# Thread: Runge Kutta, linear differential system

1. ## Runge Kutta, linear differential system

I need to make a matlab program to find the solutions for 0<=t<=1 for

x1'(x) = 2x1 -3x2 +4x3 +0x4 -2x5 -2, x1(0)=1
x2'(x) = x1 - 2x2 - 2x3 +x4 +2x5 -1, x2(0)=-1
x3'(x) = 2x1 + 4x2 +3x3 +x4 -x5 -2, x3(0)=1
x4'(x)=-2x1 +0x2 +x3 + 4x4 -3x5 +1, x4(0)=2
x5'(x)=0x1 -x2 +2x3 -3x4 -2x5 +1, x5(0)=3

and I made a program, and I got an output:
w(1)= 94.70989959 w(2)= -5.06974461 w(3)= 81.70881908 w(4)= 7.03658123 w(5)= 12.84918264

but I have no idea how to tell whether or not I'm right. The other examples I've done have been higher order initial value problems that depended on t... so I used the same kind of scheme... but this one doesn't seem to depend on t... so I'm not sure if I'm suppose to do something different or not?

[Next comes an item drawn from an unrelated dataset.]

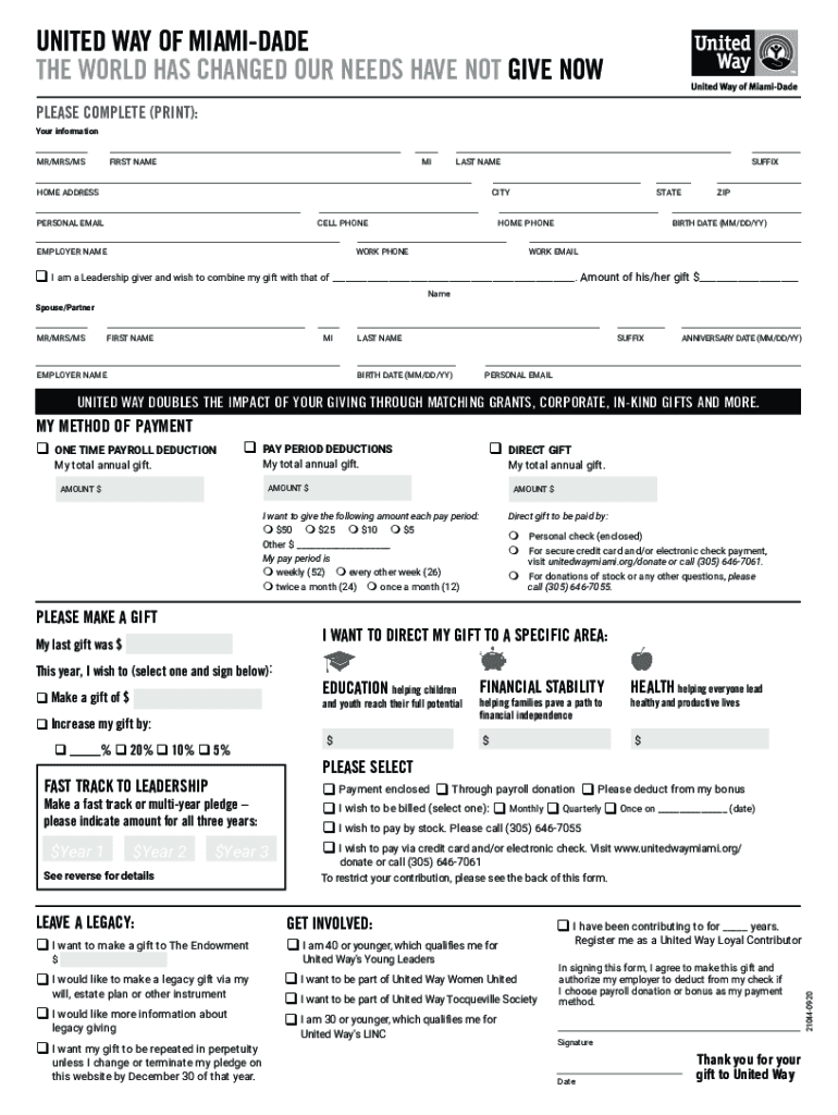 Email, fax, or share your united way miamivolunteer donate form via URL. You can also download, print, or export forms to your preferred cloud storage service.
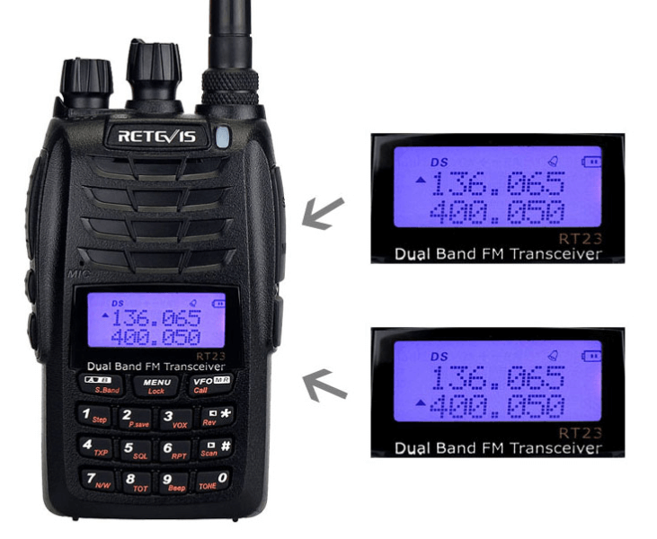 RT23 is not same with other radios. Other radios can “watch” two channels. Mointor two different frequencies(even on different bands (VHF/UHF)) and the radio will monitor both frequencies giving priority to the first station to receive an incoming call.RT23 not only can “watch” both frequencies, but also can receive two incoming calls at the same time. What is more,you can set the volume mode by the menu 35. MAIN indicates the main frequency sound is louder when receiving, SUB is indicates the sub frequency sound is lounder when receiving. OFF indicates both main and sub frequency have same sound.

Is there a way to get an exact solution for this for me to check to see if I'm right or?

2. Also, for a different example with a higher order equation, my function looked like:
function a=nonf(t,u)
a=zeros(1,length(u));
a(1)=u(2);
a(2)=u(3);
a(3)=2.0*cos(t)+u(1)+u(1)*u(2)+2.0*sin(t)*u(3);

Right now my function for this question looks like:

function a=nonff(t,u, coef)
a=zeros(1,length(u));
for i=1:length(u)
sum=0;
for k=1:length(u)
sum=sum+coef(i,k)*u(k);
end
a(i)= sum+coef(i,length(u)+1);
end

Would that be right, or would I need something like
a(1)=u(2);
a(2)=u(3);
a(3)=u(4)
a(4)=u(5)

3. Originally Posted by gummy_ratz
I need to make a matlab program to find the solutions for 0<=t<=1 for

x1'(x) = 2x1 -3x2 +4x3 +0x4 -2x5 -2, x1(0)=1
x2'(x) = x1 - 2x2 - 2x3 +x4 +2x5 -1, x2(0)=-1
x3'(x) = 2x1 + 4x2 +3x3 +x4 -x5 -2, x3(0)=1
x4'(x)=-2x1 +0x2 +x3 + 4x4 -3x5 +1, x4(0)=2
x5'(x)=0x1 -x2 +2x3 -3x4 -2x5 +1, x5(0)=3

and I made a program, and I got an output:
w(1)= 94.70989959 w(2)= -5.06974461 w(3)= 81.70881908 w(4)= 7.03658123 w(5)= 12.84918264

but I have no idea how to tell whether or not I'm right. The other examples I've done have been higher order initial value problems that depended on t... so I used the same kind of scheme... but this one doesn't seem to depend on t... so I'm not sure if I'm suppose to do something different or not?

Is there a way to get an exact solution for this for me to check to see if I'm right or?
A first observation would be: You are asked for a solution on [0,1] not a single point.

A second observation might be: This is a linear 5-th order system, it has a known solution (either in matrix form or by expanding to a single 5-th order linear constant coefficient ODE)

CB

4. Yeah, my program goes from 0<t<1, that was just my final answer for t=1 when I reached convergence within 8 decimal points. I'm taking numerical analysis now, but I haven't taken differential equations yet, so I'm really not sure, what method could I use to solve this system to see if my runge kutta answer matches up?

5. Originally Posted by gummy_ratz
Yeah, my program goes from 0<t<1, that was just my final answer for t=1 when I reached convergence within 8 decimal points. I'm taking numerical analysis now, but I haven't taken differential equations yet, so I'm really not sure, what method could I use to solve this system to see if my runge kutta answer matches up?
Sorry but if you have not done differential equations you are not ready for numerical solution of them. It is not our place to provide a course in DEs.

You could try comparing the RK solution with a solution computed using a simpler method (say Euler) with a smaller step size.

CB

6. Yeah, I know that there's an easy way to get Maple to find the actual solution to higher order differential equations, and I searched to try to find a way to do it for the linear systems, but I couldn't find one, so I just thought I'd check to see if you guys knew. Thanks, anyways.